Computers use binary digits, or bits, to represent data because two states (on/off, true/false, 1/0) can easily be represented using physical components such as transistors. This makes designing and building reliable digital circuits that can perform complex computations easier. You can read more about how signed numbers are represented using two's complement here.

If you are interested in how information is generally encoded, transmitted and decoded, you can read about Information Theory

However, it is difficult to input instructions and data into a computer using only 1s and 0s.

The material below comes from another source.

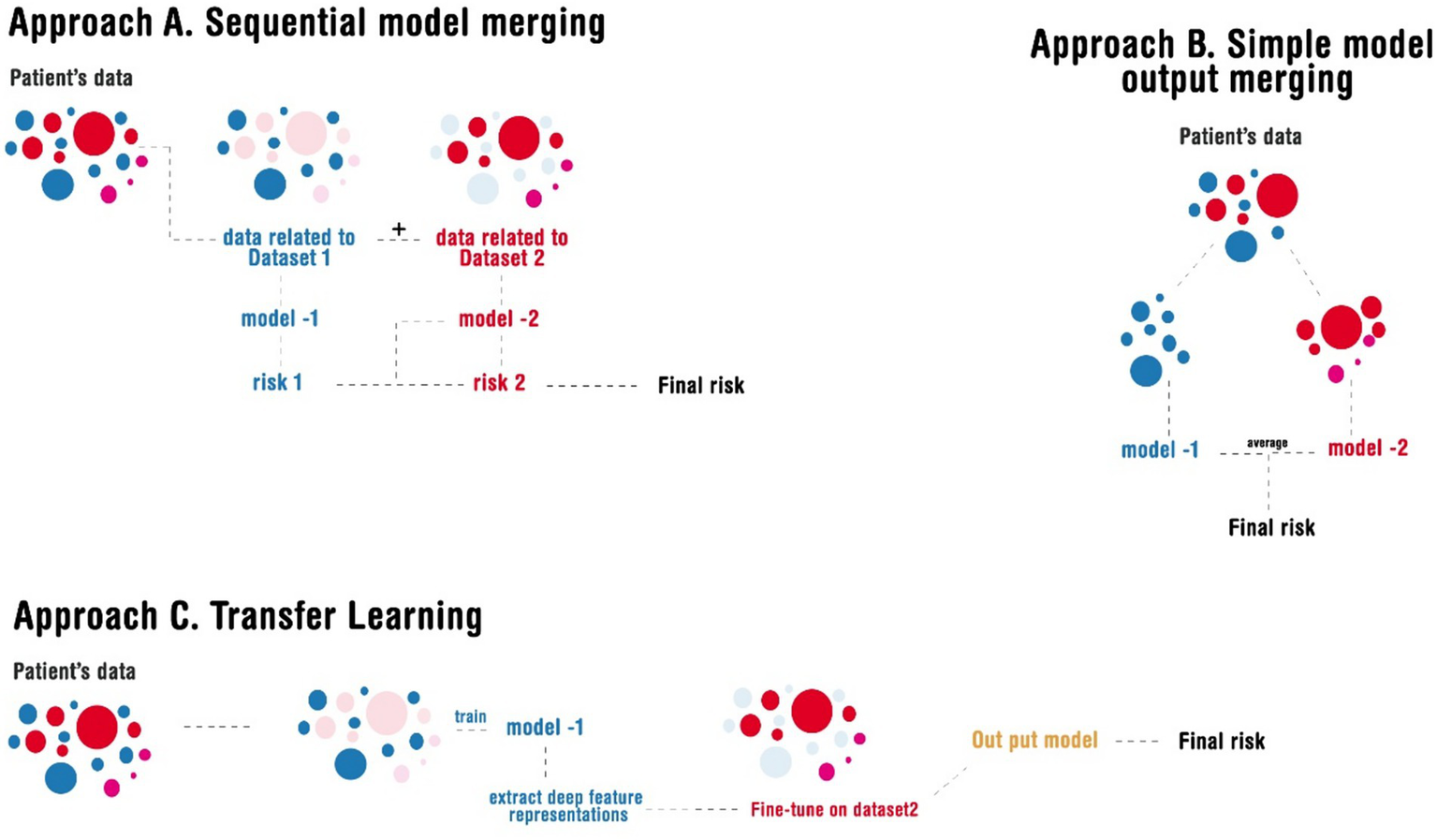 In this method, patient data were first managed separately for dataset-1 and dataset-2, ensuring that each model specialized in the specific data structure it was trained on. The first model trained on dataset-1 was used to generate a risk score, which was then passed to the second model trained on dataset-2 for final risk estimation. In this sequential merging approach, we retained the strengths of each dataset while capturing its domain-specific predictive insights. The implementation of this approach relied on Python libraries such as scikit-learn for model chaining, NumPy for numerical processing, and Pandas for data alignment. The primary rationale behind this approach was to retain dataset-specific nuances; while maintaining dataset-1’s clinical depth, dataset-2’s modern lifestyle focus was also preserved and resulted in improved predictive performance.

Therefore, hexadecimal (base 16) is usually used to represent binary numbers in a more compact and human-readable form. Instructions are written in assembly language, which uses mnemonics such as ADD, SUB and MOV to perform mathematical operations and save values to storage (registers) instead of binary codes. For example:

ADD 2, 3; MOV R1, 5; SUB R2, R1

So-called "high-level programming languages", such as Python, JavaScript and C++, are designed to be more human-readable and easier to write than assembly language. A compiler or interpreter then translates these into machine code so that the computer can execute them.

You now have a complete understanding of what a computer is and how it works. It is a machine that performs computations by manipulating symbols according to a set of rules. These symbols have no inherent meaning, but we assign meaning to them in our minds. Computers are built using physical components, such as transistors, and physical processes are ultimately involved in computation.